D’une manière générale, les frontaliers disposent de revenus plus élevés que ceux de leurs compatriotes non frontaliers (actifs ou non). C’est le cas avec la France, où le différentiel entre les salaires locaux et les salaires suisses est très élevé, les non-frontaliers étant souvent placés dans des conditions financières difficiles, du fait

à la fois de revenus plus bas et de prix plutôt élevés dans la région. Environ 55 à 60 % des non-frontaliers français déclarent ne conserver que peu, ou pas, d’argent à la fin du mois lorsqu’ils ont réglé toutes leurs factures, contre 37 % des frontaliers. En Allemagne et en France (surtout), les ménages sans travailleur frontalier sont souvent dans des situations financières plus difficiles que les ménages dans lesquels se trouve un voire deux travailleurs frontaliers. Le fait qu’un seul des deux membres du couple soit frontalier suffit à faire augmenter de manière significative les revenus du ménage.

Bien entendu, la question financière n’est pas la seule motivation du travail frontalier. La diversité du marché de l’emploi bâlois et la quantité d’offres disponibles sont des facteurs importants. La présence de multinationales offrant de bonnes conditions salariales et de travail (flexibilité, conditions sociales, etc.), ainsi qu’un environnement de travail international sont particulièrement appréciés. Les conditions de travail (y compris salariales) sur les marchés du travail allemand et français montrent de réelles différences. Les actifs travaillant en France ont des horaires moins flexibles, perçoivent leur poste de travail comme moins stable et sont moins satisfaits de leur situation professionnelle et financière que les actifs non frontaliers allemands.

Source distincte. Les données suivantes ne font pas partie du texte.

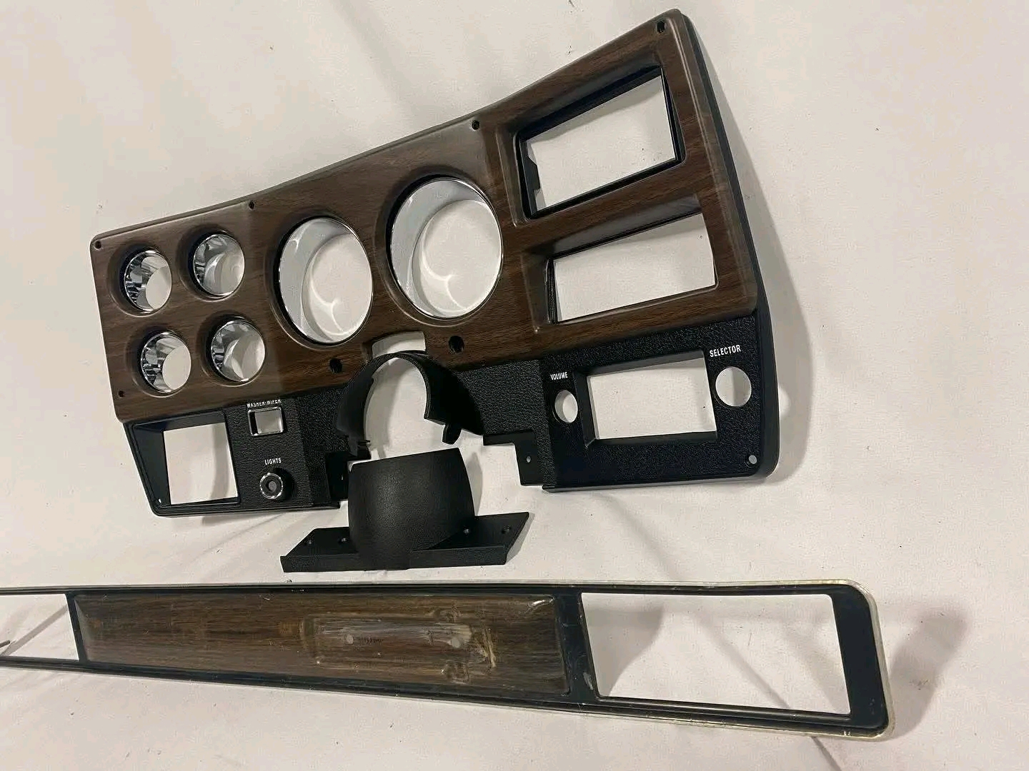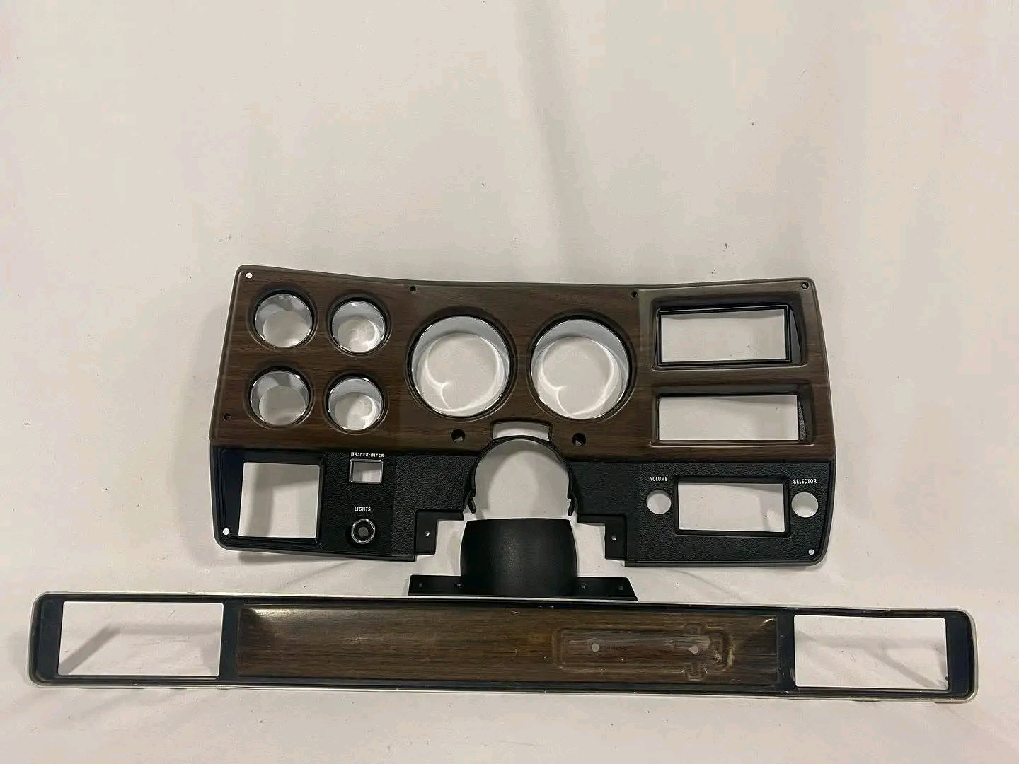 1973–1974 Chevy GMC Dash Bezel Kit with Chrome & Wood Grain Overlay – Includes Column Cover & OEM Passenger Plate

Le marché du travail allemand apparaît clairement plus attractif que le marché du travail français et semble, dans une certaine mesure, plus à même de retenir les travailleurs allemands sur le marché de l’emploi local (national), ce qui explique, en partie, la moindre pénétration du « phénomène frontalier » dans ce pays. En France, la situation sur le marché de l’emploi local et les conditions offertes sont largement moins concurrentielles, favorisant les flux en direction de la Suisse. La partie française se trouve ainsi placée dans une forte situation de dépendance vis-à-vis de ses voisins, en premier lieu de la Suisse.